Вацлав по-дружески похлопал Цылина по плечу.

– Слушай, Иван! Не хочу, чтобы между нами недопонимания остались, поэтому скажу всё как есть. Как собака ты мне всегда нравился, вот те крест! Но, положа руку на сердце, пёс из тебя сторожевой не получился. Тут уж Марианна права, как ни крути. Для города ты бы сгодился в самый раз, но здесь, – Вацлав трепетным взглядом обвёл двор, – здесь от собаки больше требуется. Тем более, сейчас, когда хозяйства прибавилось. Ты отгулы просишь, сомнения испытываешь. Сколько дней прошло, от тебя – ни слуху, ни духу. Не по-собачьи это как-то, понимаешь? А этот даже не спрашивал ничего!

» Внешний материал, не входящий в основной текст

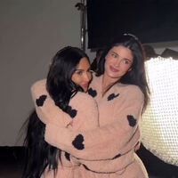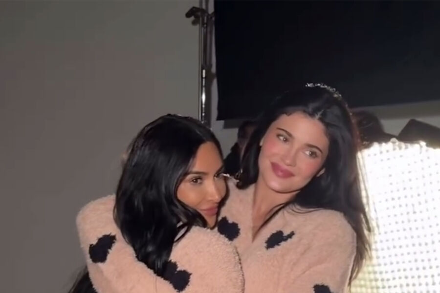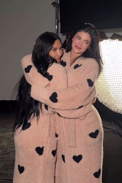 Ким Кардашьян и Кайли Дженнер позировали в одинаковых бежевых халатах с принтом в черный горох. Волосы сестрам уложили мягкими прядями и сделали легкий макияж. Они позировала перед съемкой для рекламы нового нижнего белья от бренда Ким Кардашьян.

Пришёл, ошейник надел и сразу же прохожих матом на всю улицу обложил. Кота не гоняет, палку, как и положено, в зубах носит.

– У меня дочери замуж выходят, свадьбы делать надо, – обречённо сказал Цылин. – Хочется по-человечески дочерей выдать. Как же мне тогда, если не собакой?

– Ну, тут уж не знаю, чем тебе помочь. Даже место петуха, и то третьего дня заняли, видишь?

Вацлав кивнул головой в сторону сада, где в окружении десятка женщин между яблонь и кустов гордо вышагивал почтенных лет мужик в жакете и красных резиновых сапогах. Кажется, в недавнем прошлом это был врач местной больницы.

– А я уже согласен быть собакой круглосуточно. С одним выходным в неделю.

– Ну, сам видишь, – сочувственно вздохнул Вацлав, кивнув головой на будку, в которой Марокантов что-то увлечённо и громко ел. – И без всяких выходных! Ну как такого пса за ворота вышвырнуть?

– Да подлец он, а не собака. Хоть у Целлофена спроси! – не согласился Цылин.

– А вот тут ты, Иван, не прав! – отозвался свинья Целлофен. – Как собака Марокантов полезнее тебя будет. Да и нельзя сказать, что он подсидел тебя. Ошейник на траве валялся. Лёха всего лишь расторопность проявил. В нынешнее время штука необходимая. Каждый устраивается как может, незачем на это пенять.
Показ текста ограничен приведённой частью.